Share
 
Title
Presenter
Authors
Institutions

Background: The use of CHWs is a proven method for creating demand and promoting best practices for health services [1]; however while effective, supervision of CHWs has also proven to be the most challenging program element to implement [2].To address this gap, Society for Family Health (SFH) designed and implemented an electronic dashboard tool with the aim to better evaluate, monitor and provide feedback on the performance of CHWs at health facilities under the Gates VMMC Project.
Description: Between February and December 2015, 232 CHWs were deployed to 107 health facilities in three provinces. Key indicators were defined in order to measure the monthly performance of each CHW as well as inform effective program decisions. Tableau® reader software was used to import Excel spreadsheets containing CHW performance, segregated the information by creating a dashboard and presented data in graphical form. Reports generated provide information on CHWs and clients. Based on the data captured, we were able to determine the proportion of men who successfully came for VMMC services.

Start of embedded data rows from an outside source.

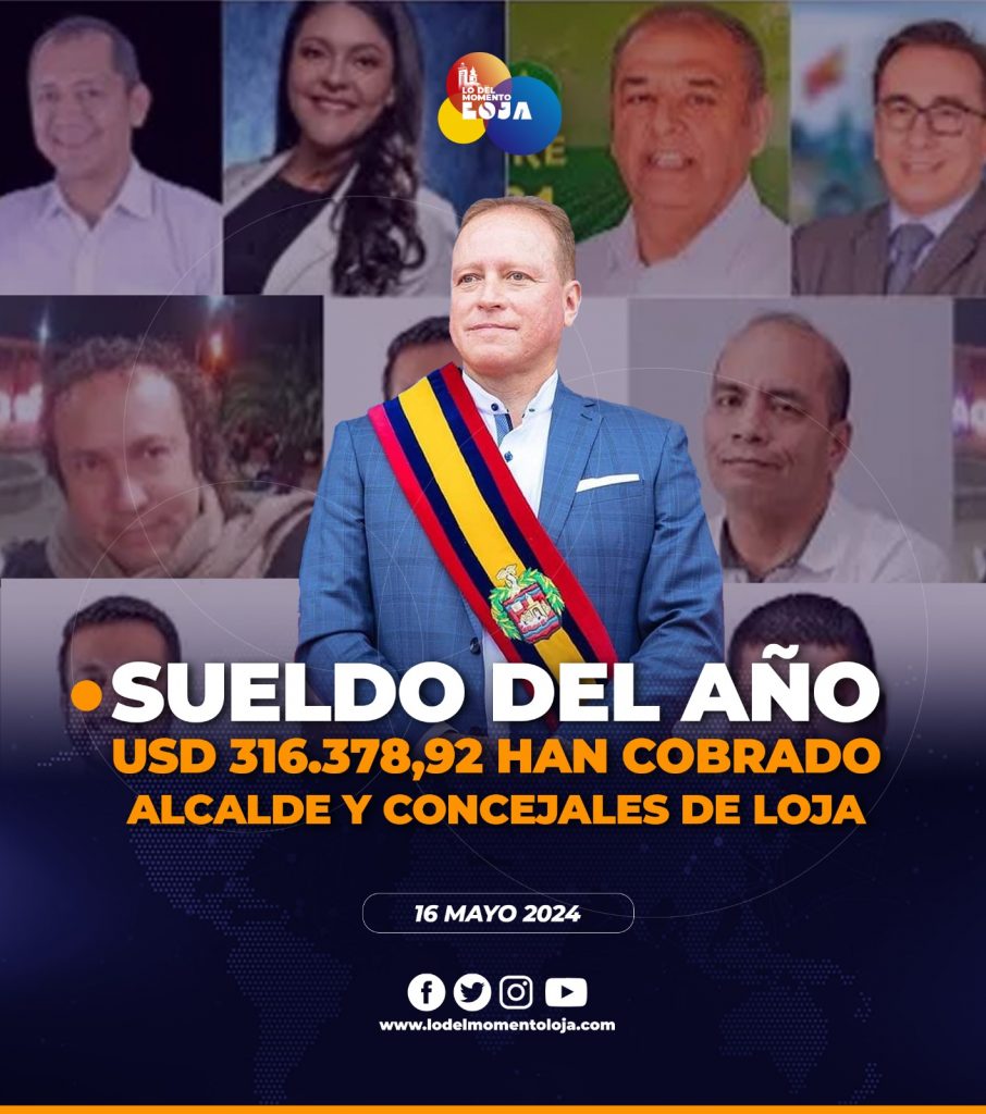 🤑🏢❌ ¡Un año y el sueldo puntual! Ha pasado el primer año de gestión o el primer 25% del periodo de la alcaldía de Franco Quezada y los once ediles, que durante este periodo ya acumulan más de un cuarto de millón de dólares solo en sus salarios desde que asumieron sus cargos, dejando más dudas que aciertos en cuanto al trabajo plasmado en pro de los lojanos. El alcalde que recibe un salario mensual de USD 4.144,91, hasta la fecha ha ganado USD 49.738,92 en doce meses, por otro lado, los ediles tienen un sueldo de USD 2.020, acumulando ya USD 24.240,00 cada uno; a Loja le ha representado un gasto de USD 316.378,92. ¿Será justificado su sueldo o no?
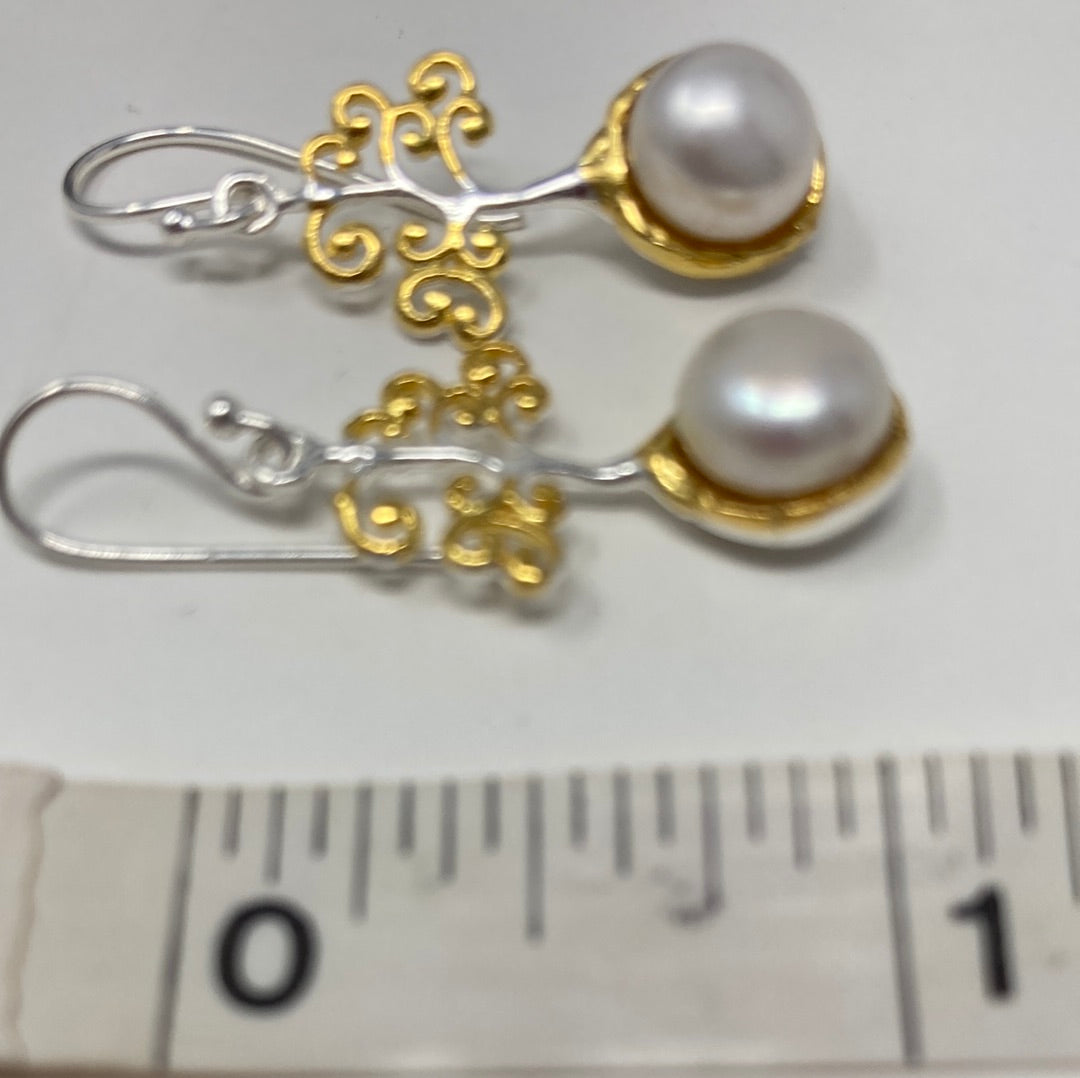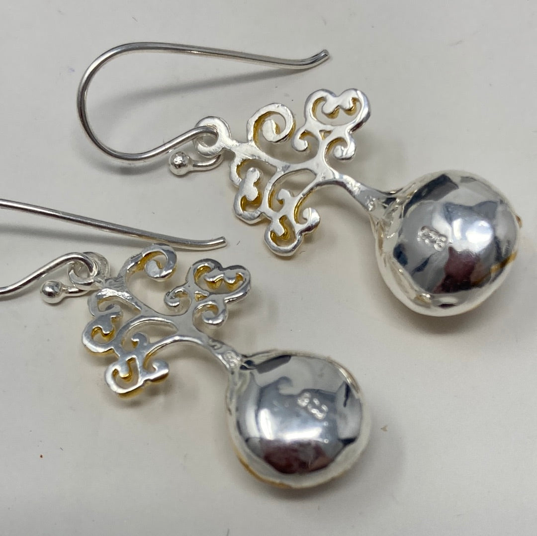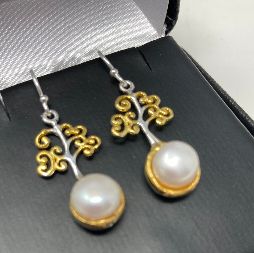 Sweet and petite these special custom crafted earring featuring a 6mm natural Pearl. These are intricately designed in a stylized tree of life design. Set in .925 Sterling Silver with yellow gold accents. Approximately 1” long
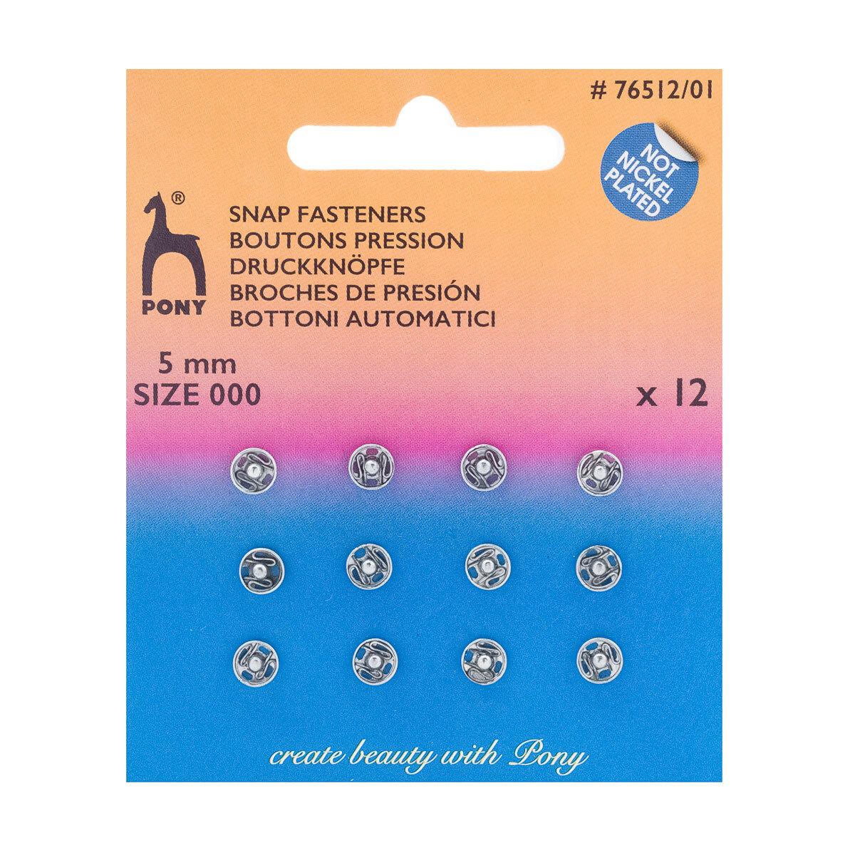 Кнопка пришивная металл 5 мм, серебристый, без никеля, 12 шт, Pony, 76512/01
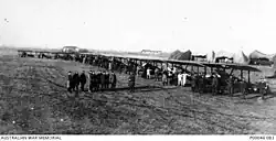 Formed during World War I at Fort Grange, Gosport on 1 March 1916 as Number 45 Squadron, the unit was first equipped with Sopwith 1½ Strutters which it was to fly in the Scout role. Deployed to France in October of that year, the Squadron found itself suffering heavy losses due to the quality of its aircraft. This did not change until it transitioned to the Sopwith Camel in July 1917. Transferred to the Austro-Italian front at the end of 1917, 45 Squadron there engaged in ground attack and offensive patrols until September 1918 when it returned to France and joined the Independent Force.[2]

Lessons learned: During the first half of the year 11,732 clients were booked by 65 CHWs, 6,111 (52%) of whom came for MC services; whilst in the later months when the dashboard was fully operational, 43,835 clients were booked by 232 CHWs and 20,555 (47%) came for MC services. Each CWH worked an average of 19 days in each month, and made an average of 53 bookings per month. An average of 25 clients turned up per CHW per month.
Conclusions/Next steps: The electronic dashboard is an efficient tool for supervising CHW performance, assuring adherence to quality standards and promoting fluid information sharing between community and organization. The application of robust M&E systems for monitoring demand creation activities should be in place at genesis of programs, particularly for improving supervision and feedback to CHWs. Based on our observations, improvements are underway to employ a more sophisticated data validation system on the backend in order allow for real time data collection and more accurate analysis of program data.